The optimal model has λ of 0.1 and \(R^2\) of 0.4803403.
d) Predict the response for the test set. What is the value of the performance metric and how does this compare with the resampled performance metric on the training set?
Since we tried our three models in our previous steps so out of those
three the lars method was chosen as it had the highest
\(R^2\).
lars_predict <- predict(larsTune, test_chem[ ,-1])
postResample(lars_predict, test_chem[ ,1])
## RMSE Rsquared MAE
## 1.399505 0.718109 1.095894
The \(R^2\) is 0.718109, which is higher than the training set.

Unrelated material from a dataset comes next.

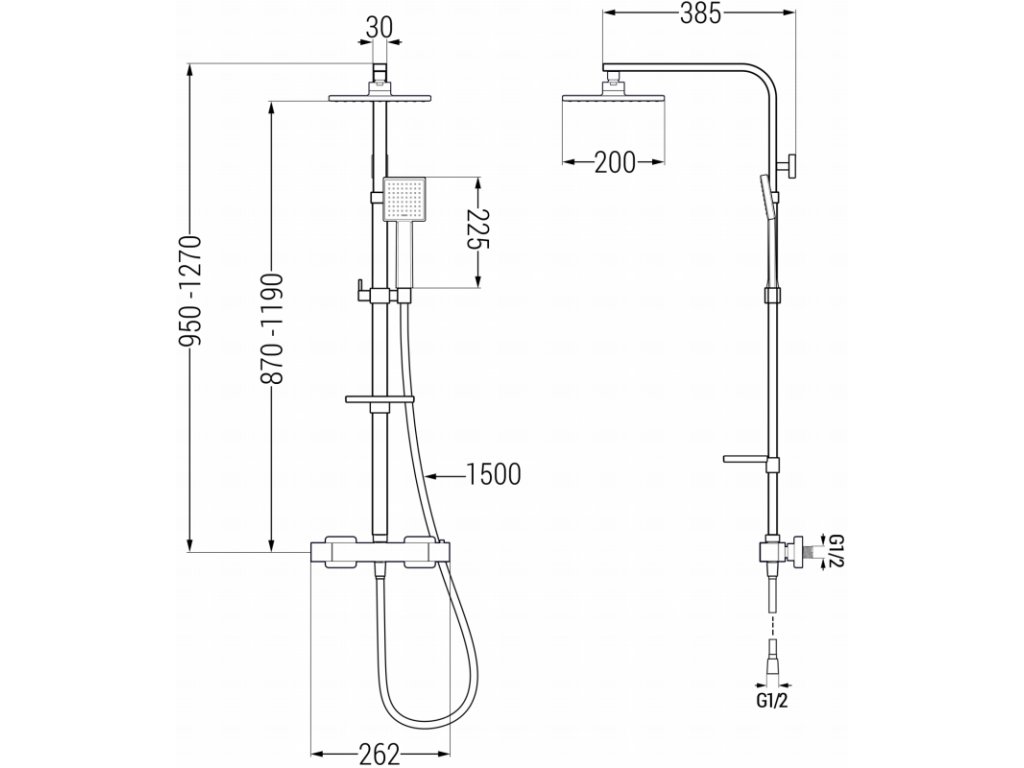 Mexen CQ45 nástenná sprchová súprava s dažďovou sprchou, termostatická batéria, čierna - 772504595-70
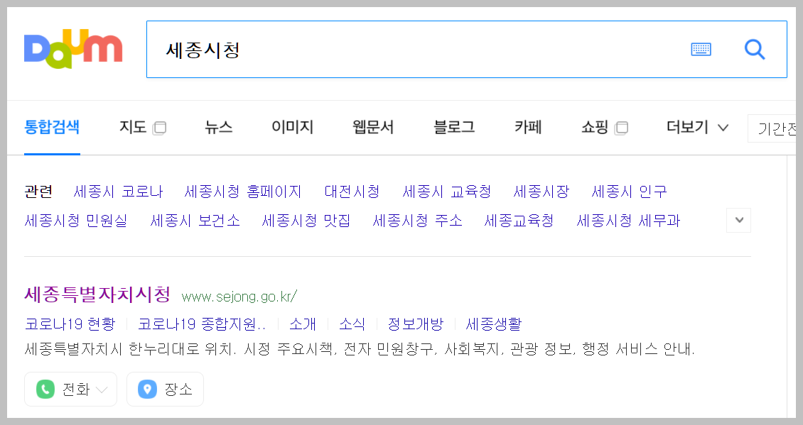다음에서 간단하게 '세종시청'이라고 검색을 하시면 위와 같은 검색결과를 볼 수 있습니다. 여기에서 가장 맨위의 것을 클릭을 하시면 손쉽게 세종특별자치시청 홈페이지로 들어가실 수 있습니다.

e) Which predictors are most important in the model you have trained? Do either the biological or process predictors dominate the list?
varImp(larsTune)
## loess r-squared variable importance
##
## only 20 most important variables shown (out of 56)
##
## Overall
## ManufacturingProcess32 100.00
## ManufacturingProcess13 90.02
## BiologicalMaterial06 84.56
## ManufacturingProcess36 76.03
## ManufacturingProcess17 74.88
## BiologicalMaterial03 73.53
## ManufacturingProcess09 70.37
## BiologicalMaterial12 67.98
## BiologicalMaterial02 65.33
## ManufacturingProcess31 60.38
## ManufacturingProcess06 58.03
## ManufacturingProcess33 49.39
## BiologicalMaterial11 48.11
## BiologicalMaterial04 47.13
## ManufacturingProcess11 42.47
## BiologicalMaterial08 41.88
## BiologicalMaterial01 39.14
## ManufacturingProcess12 33.02
## ManufacturingProcess30 32.91
## BiologicalMaterial09 32.41
The 5 most important variables used in the modeling are
ManufacturingProcess32,
ManufacturingProcess13, BiologicalMaterial06,
ManufacturingProcess36, and
ManufacturingProcess17. Process predictors dominate the
list. The ratio of process to biological predictors is 11:9.
f) Explore the relationships between each of the top predictors and the response. How could this information be helpful in improving yield in future runs of the manufacturing process?
top10 <- varImp(larsTune)$importance %>%
arrange(-Overall) %>%
head(10)
Chemical %>%
select(c("Yield", row.names(top10))) %>%
cor() %>%
corrplot()
Based on the correlation plot analysis, ManufacturingProcess32 exhibits the strongest positive correlation with Yield. Conversely, three out of the top ten variables display negative correlations with Yield. This insight could prove valuable in future iterations of the manufacturing process, as these predictors significantly influence yield. To enhance yield maximization or improvement efforts, optimizing measurements related to the manufacturing process and biological characteristics of raw materials may be beneficial.